PricewaterhouseCoopers Faces Collective Action by Job Applicants in Age Bias Case
A federal judge in San Francisco has conditionally certified a collective action of applicants over 40 years old who claim PricewaterhouseCoopers systematically weeded out older workers from consideration for entry-level positions.
March 28, 2019 at 06:29 PM
2 minute read
The original version of this story was published on The Recorder
A federal judge in San Francisco has certified a collective action of job applicants older than 40 years old, who claim global accounting firm PricewaterhouseCoopers systematically weeded out older workers from consideration for entry-level positions in the United States.
U.S. District Judge Jon Tigar of the Northern District of California granted plaintiffs' motion for conditional collective action certification to pursue their federal age-discrimination claims Thursday, although his ruling remains temporarily under seal.
Jahan Sagafi of Outten & Golden, who represents plaintiffs in the case, said, “We're certainly pleased with the decision and we look forward to moving ahead in the litigation.”
Sagafi, however, declined to comment further, given that the judge's order remains under seal.
PwC's lawyer, Emily Nicklin of Kirkland & Ellis, forwarded a request for comment to a PwC spokesperson who declined to comment, citing the sealed decision.
Plaintiffs filed suit in 2016 claiming that the accounting firm's workforce skews young, due to on-campus recruitment efforts and its use of recruiting tool only accessible to applicants with a college affiliation.

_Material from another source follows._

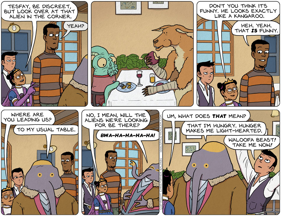 I love the fact that a tentacled alien and an expatriate kangaroo sitting down at a little two-top for an elegant lunch with wine manages to look perfectly normal and unremarkable.

A plaintiffs expert in the case has calculated younger candidates are more than 500 percent more likely to be hired by PwC than people over 40. PwC, meanwhile, has maintained that its hiring is purely merit-based and that, as a sought-after employer, it hires fewer than 5 percent of applicants.
In July 2018 Tigar denied an earlier collective action bid by the plaintiffs finding that their collective definition included applicants who weren't qualified for the positions they were seeking as well as those who were. However, in that decision, the judge wrote that the plaintiffs had “adequately shown a uniform decision, policy or plan on the basis of PwC's centralized and uniform hiring policies, and the substantial evidence of age disparities in hiring.”